Unified LLM proxy — aggregates multiple servers behind a single OpenAI-compatible API
Smart routing · Model fallbacks · LLM Council · Response storage · Prometheus metrics

✨ Features

Feature	Description
Multi-backend proxy	Aggregate Ollama, OpenAI API, Anthropic, Gemini, or any of the 100+ providers supported via LiteLLM
Smart routing	Priority-based, loaded-model preference, round-robin — with automatic fallback chains
Dual API	OpenAI-compatible (`/v1/`) and Ollama-native (`/api/`) endpoints side by side
LLM Council	Multi-model deliberation — multiple personas analyze your question, then a synthesizer produces one answer
Response storage	Every token saved to compressed SQLite for offline analysis — including thinking tokens
Prometheus metrics	Request rates, latency histograms, token counters, backend health, tokens/sec
Docker ready	Full Compose stack with Prometheus + Grafana, pre-built dashboard included
Open WebUI compatible	Drop-in replacement — point Open WebUI at port `11430` and go

Tip

The smart router prefers backends with the model already loaded in VRAM, so repeated queries to the same model skip cold-load latency entirely.

🚀 Quick Start

Prerequisites

Python 3.12+
At least one LLM backend (Ollama, OpenAI API, Anthropic, Gemini, or any LiteLLM-supported provider)

Installation

# Install
pip install -e .

# Or with dev dependencies
pip install -e ".[dev]"

Configure

# Edit config.yaml with your backends
vim config.yaml

backends:
  - name: "local-ollama"
    type: ollama
    url: "http://localhost:11434"
    priority: 1

  - name: "gpu-server"
    type: ollama
    url: "http://192.168.1.100:11434"
    priority: 2

Start the Server

# Default: http://0.0.0.0:11430
python -m council_router

Make a Request

# List all models from all backends
curl http://localhost:11430/v1/models

# Chat completion
curl -X POST http://localhost:11430/v1/chat/completions \
  -H "Content-Type: application/json" \
  -d '{
    "model": "llama3.1:8b",
    "messages": [{"role": "user", "content": "Hello!"}]
  }'

# Streaming
curl -N -X POST http://localhost:11430/v1/chat/completions \
  -H "Content-Type: application/json" \
  -d '{
    "model": "llama3.1:8b",
    "messages": [{"role": "user", "content": "Write a poem"}],
    "stream": true
  }'

🔄 Drop-in Replacement

OpenAI Python SDK

from openai import OpenAI

# Point at council-router instead of Ollama directly
client = OpenAI(base_url="http://localhost:11430/v1", api_key="unused")

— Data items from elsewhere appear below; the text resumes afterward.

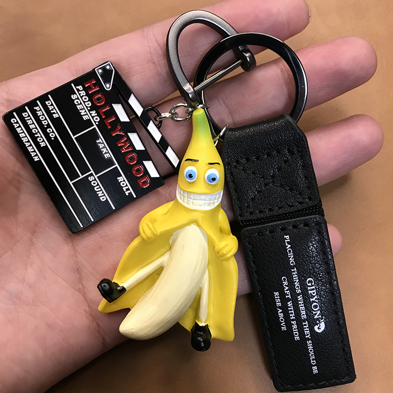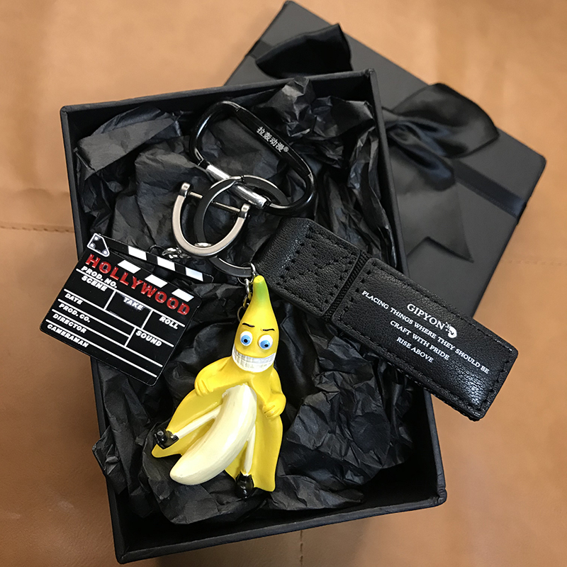 Banana man keychain spoof ins net red pull bang anime men and women creative birthday gift box car pendant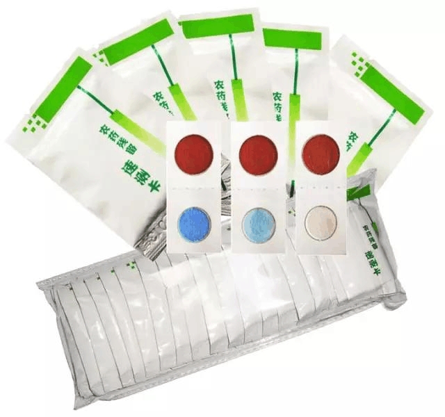 陽性:白色藥片不變色或呈淺藍(lán)色(深色表示殘留較高,淺色表示殘留較低)。陽性樣品建議進(jìn)一步采用法定方法確認(rèn)農(nóng)藥種類與準(zhǔn)確殘留量。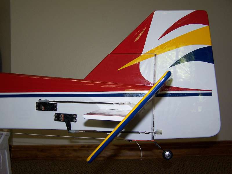 Evil, I am getting a decent amount of travel. As near as I can measure I'm getting 45 degree deflection up and down. With the Dubro hinges I have zero binding. I'm pretty pleased with the way that came out. I think the horn length on the elevators is 1 1/8" and 1 1/4" on the rudder. The rudder will touch the elevator on maximum deflection.Spud, Heck of a good idea. Thanks. I'll put the rubber tube on the tailwheel wire and loop my antana through it and won't have that ugly dangling thing.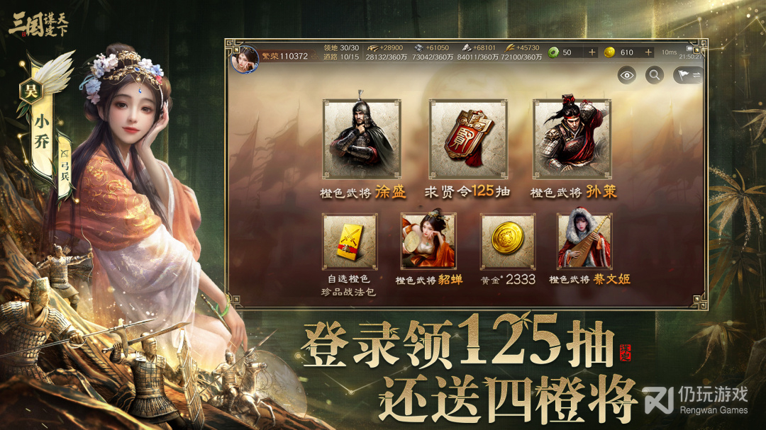 4、丰富的角色养成:玩家可以招募历史上的名将,并通过培养、升级等方式提升他们的能力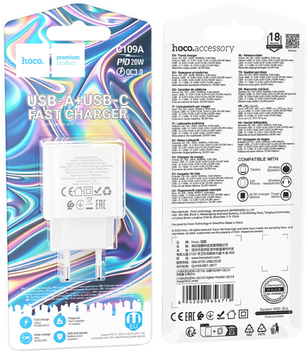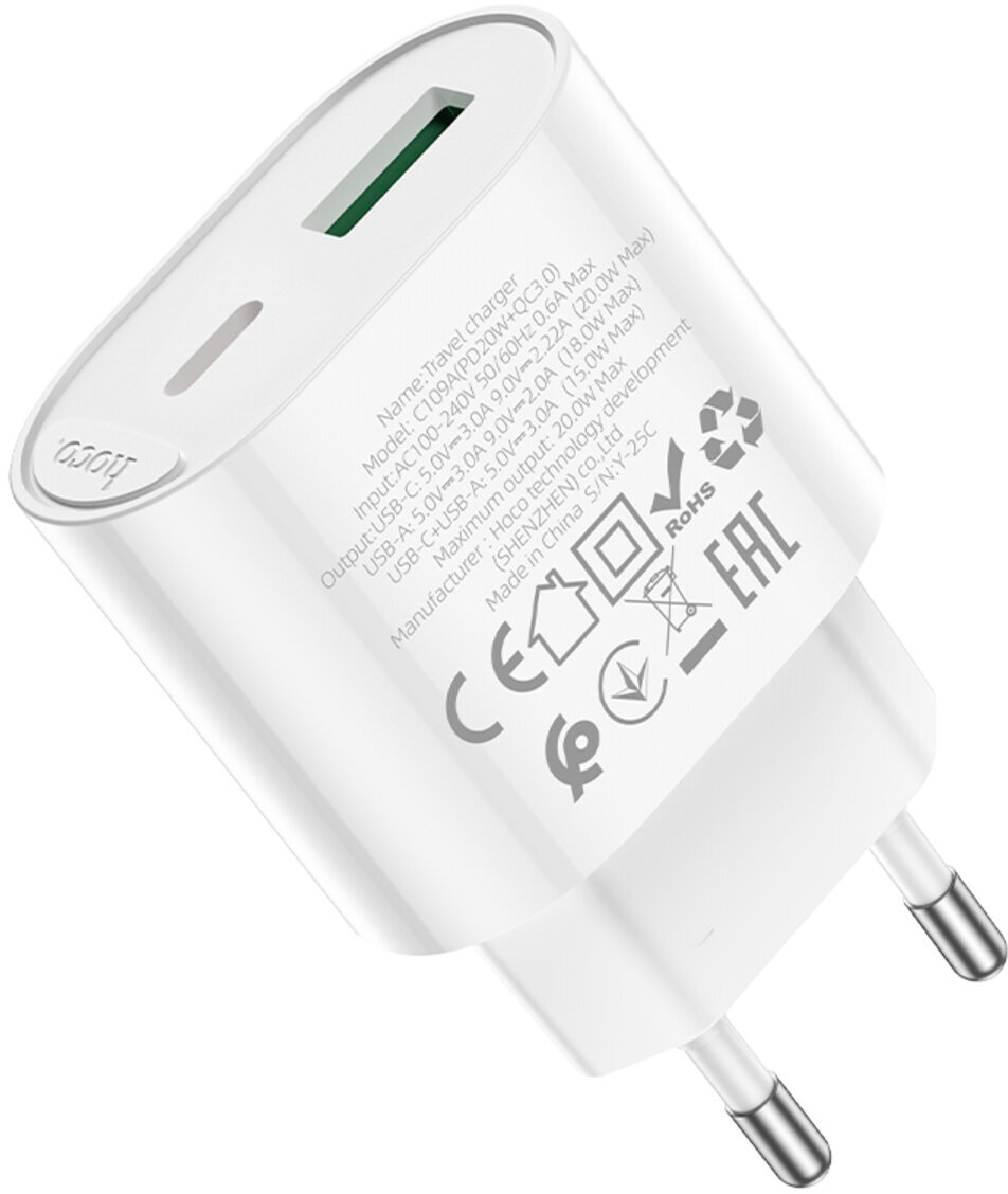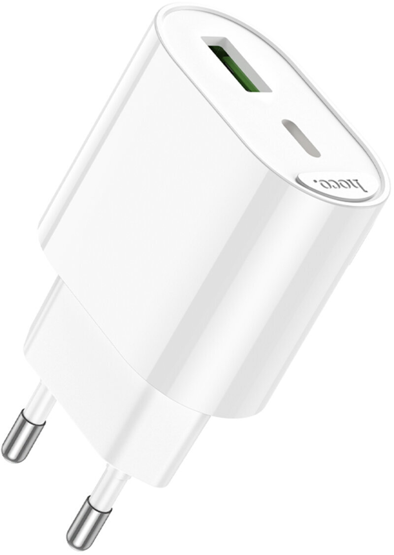 Зарядний пристрій Hoco C109A Fighter — це компактний мережевий блок з двома портами (USB-A та Type-C), який підтримує швидку зарядку PD 20 Вт через Type-C і QC 3.0 до 18 Вт через USB-A. Загальна потужність дозволяє заряджати два пристрої одночасно без втрати ефективності, що ідеально для смартфонів, планшетів, навушників чи інших гаджетів.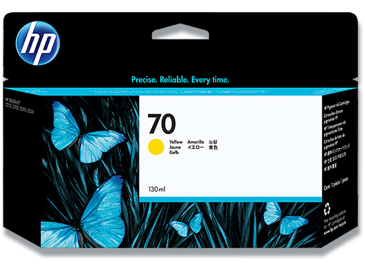 Blækpatron, 1 stk, Yellow-gul, 130 ml, HP 70
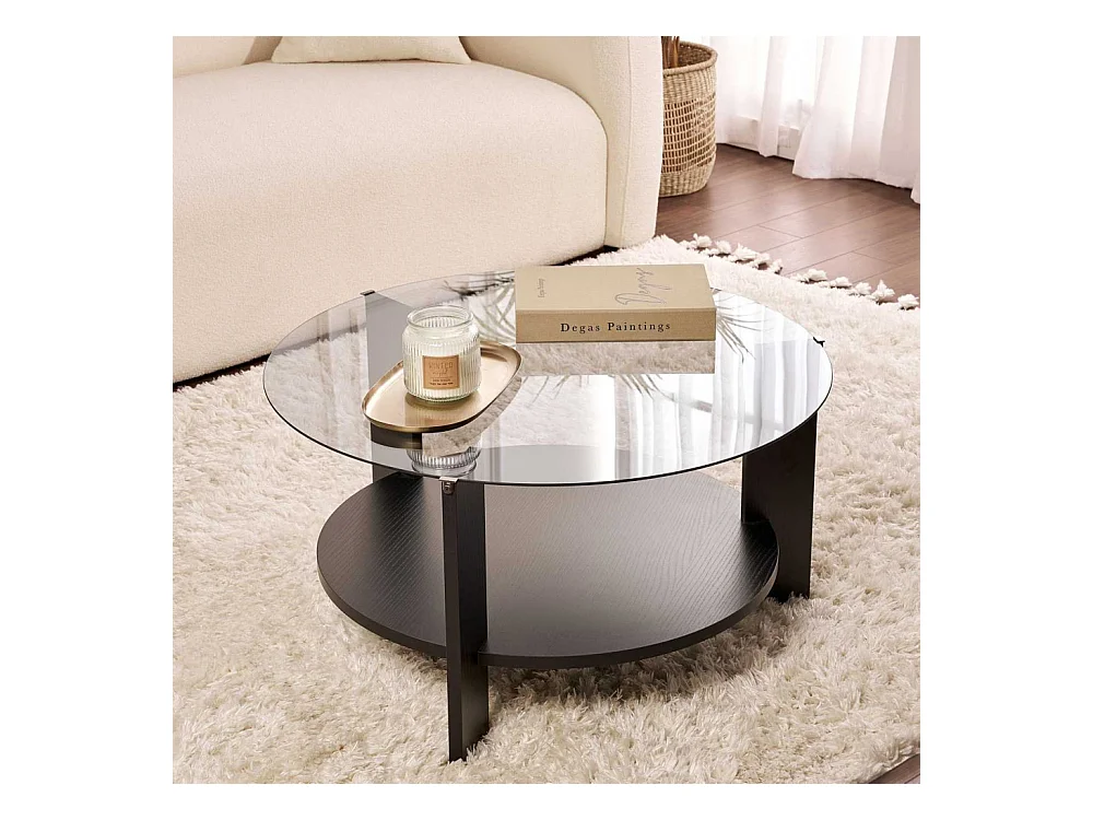 Table basse ronde couleur bois et noir Ø 80 cm - Lexi
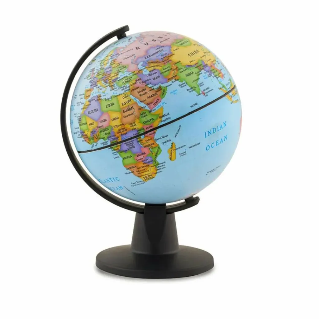 Globus mit 16 cm Durchmesser, Kartografie „Kids“ von National Geographic, schwarzes Kunststoffgestell, unbeleuchtet, deutscher Text.

response = client.chat.completions.create(
    model="llama3.1:8b",
    messages=[{"role": "user", "content": "Hello!"}],
)
print(response.choices[0].message.content)

Ollama-Native Clients

# Works with any Ollama client — just change the port
curl http://localhost:11430/api/tags
curl -X POST http://localhost:11430/api/chat \
  -d '{"model": "llama3.1:8b", "messages": [{"role": "user", "content": "Hi"}]}'

📡 API Reference

Endpoints

Method	Path	Description
`GET`	`/`	Server info
`GET`	`/health`	Health check with per-backend status
`GET`	`/metrics`	Prometheus metrics exposition
`GET`	`/v1/models`	List all models across all backends
`GET`	`/v1/models/{id}`	Get model details + which backends serve it
`POST`	`/v1/chat/completions`	Chat completion (streaming + non-streaming)
`POST`	`/v1/council/chat`	Council deliberation — synthesized multi-perspective response
`GET`	`/api/tags`	Ollama-native model listing
`POST`	`/api/chat`	Ollama-native chat (NDJSON streaming)
`POST`	`/api/generate`	Ollama-native generate
`GET`	`/admin/backends`	Backend management (auth required)
`GET`	`/admin/responses`	Query stored responses (paginated, filterable)
`GET`	`/admin/responses/stats`	Storage statistics
`GET`	`/admin/responses/{id}`	Full response with decompressed content
`GET`	`/admin/council/templates`	List available council templates

Chat Completion Request

{
  "model": "llama3.1:8b",
  "messages": [
    {"role": "system", "content": "You are a helpful assistant."},
    {"role": "user", "content": "Hello!"}
  ],
  "stream": false,            // Enable SSE streaming
  "temperature": 0.7          // Optional
}

If the requested model isn't available, the proxy checks the fallback rules and transparently substitutes an alternative. The X-Fallback-Model response header tells you which model actually served the request.

👥 LLM Council

The council feature enables multi-perspective deliberation for higher quality responses. Multiple personas analyze your question in parallel, then a synthesizer produces one comprehensive answer.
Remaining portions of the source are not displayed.